Re: [wEr\ Ar\ ju: fr6m] ?
From: | Lars Henrik Mathiesen <thorinn@...> |
Date: | Friday, November 9, 2001, 14:37 |
> Date: Fri, 9 Nov 2001 16:08:55 +1100
> From: Tristan Alexander McLeay <anstouh@...>
>
> On Thu, 8 Nov 2001, nicole perrin wrote:
> > ([r] is American r and [R] is French r. also [!] is
> > glottal stop, right? geez i am getting rusty...)
>
> No, [!] symbolises a downstep, not something we conlanguers would use all
> that often I don't think. [?] is the glottal stop.
Now that you mention it... I'm working on a list of correspondences
between X-SAMPA codes and Unicode characters right now, and I'm a
little puzzled by the tones and contours part of the IPA chart.
The basic question is about the contour marks (vertical bars with
strokes to the left). Do they go before or after the voiced sound
during which they occur? (From the example of glottalization marked by
preposed /?/, I'm guessing that it's before).
Has anyone here worked with prosodic notation in IPA? Are the more
complex signs, high-rising for instance, even used in practice?

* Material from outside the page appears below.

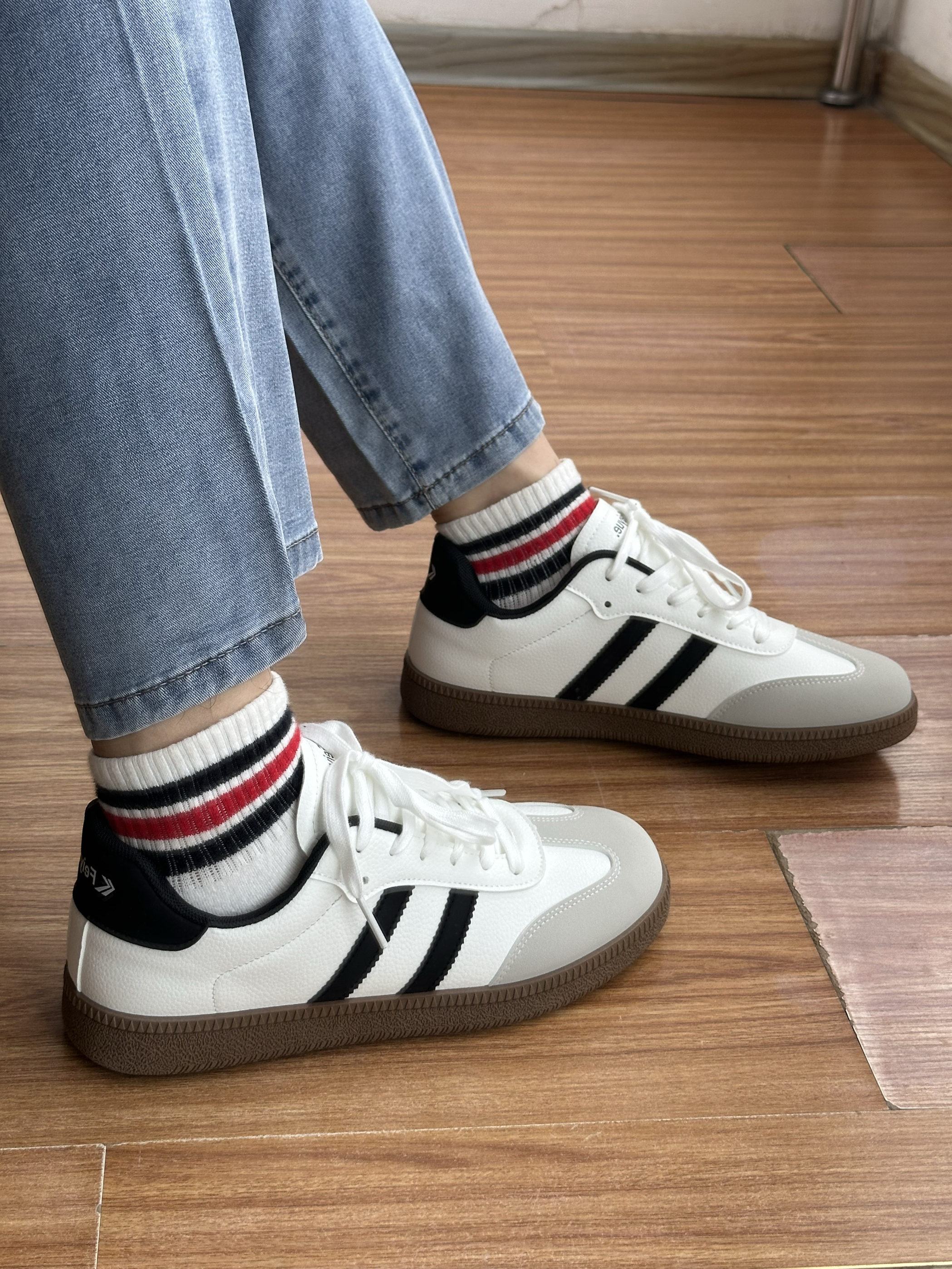 鞋子脚感是偏硬的那种 但包裹性还不错✓ 脚在里面不会晃来晃去 侧面看线条挺流畅 上脚不费力的酷👌🏻

(It's not that important, though. Unicode only has the basic level
contour marks, corresponding to _B, _L, _M, _H, _T. Even rising and
falling, _R and _F, are missing. But I can show all those seven with
diacritics, so I think I'm just going to punt on multiple marks. If
you write a_/_\, I'll give you an a with a hacek and a circumflex and
let your Unicode display engine worry about fitting them).